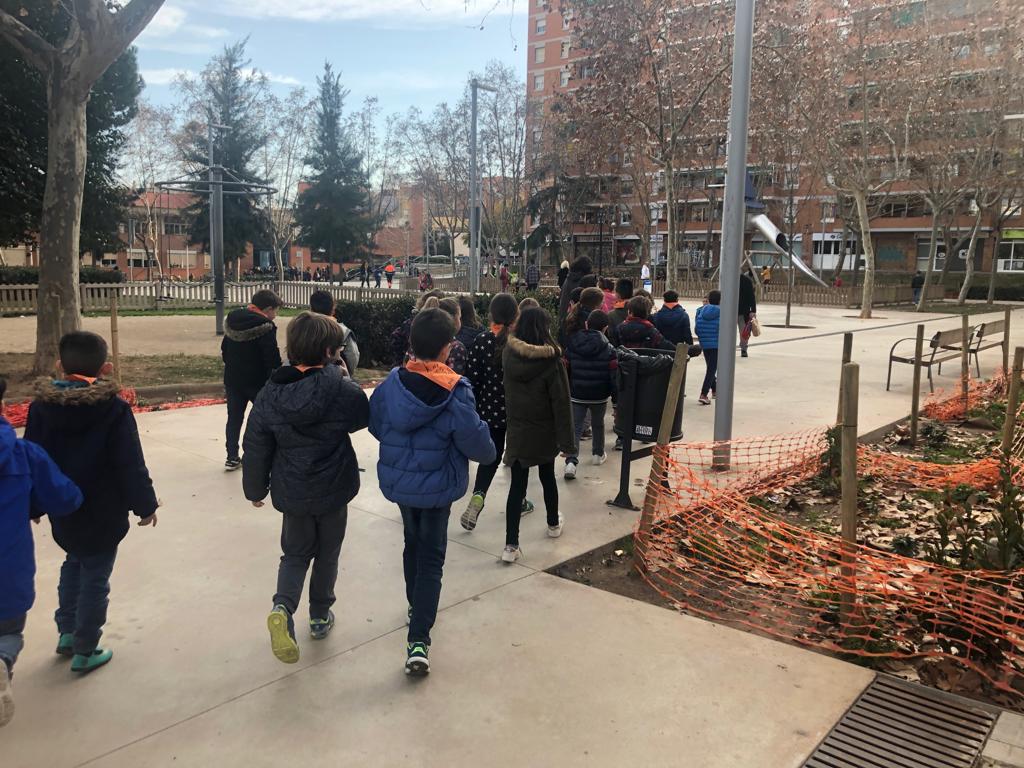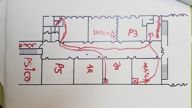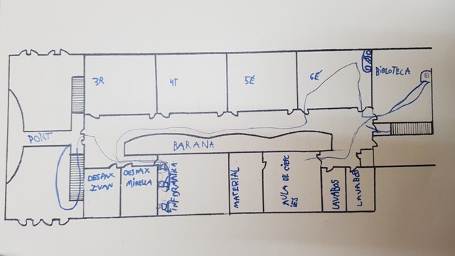 Després de situar els espais, a les següents sessions, amb els mateixos grups havien de seguir dos itineraris, un vermell i un blau, i seguir les indicacions que els hi marcava. Els itineraris passaven per totes les aules de l’escola que havíem parlat anteriorment.
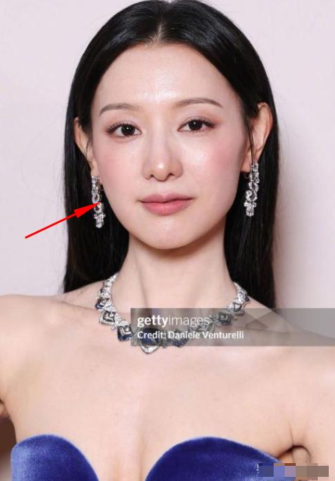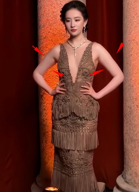 反观刘亦菲,她穿深V,是为了更好地展现礼服与珠宝的质感。
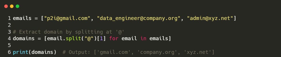 In the following snippet, we split each email at the '@' symbol to extract the domain name:
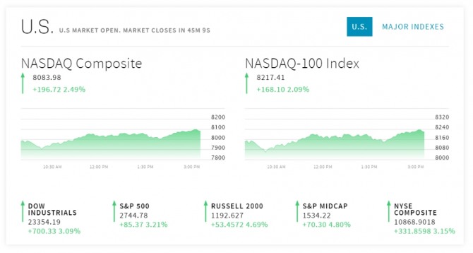스탠더드앤드푸어스(S&P)500지수는 20.25포인트(0.76%) 오른 2679.66에, 기술주 중심의 나스닥지수는 51.52포인트(0.65%) 상승한 7938.78을 각각 나타내고 있다.

EXERCISE ▸ The final stretch of the data, from the line with "反观刘亦菲,她穿深V,是为了更好地展现礼服与珠宝的质感。" through its last line, is to be retyped exactly; pictures are not part of the copy.

EXPECTED ANSWER ▸
 反观刘亦菲,她穿深V,是为了更好地展现礼服与珠宝的质感。
 In the following snippet, we split each email at the '@' symbol to extract the domain name:
스탠더드앤드푸어스(S&P)500지수는 20.25포인트(0.76%) 오른 2679.66에, 기술주 중심의 나스닥지수는 51.52포인트(0.65%) 상승한 7938.78을 각각 나타내고 있다.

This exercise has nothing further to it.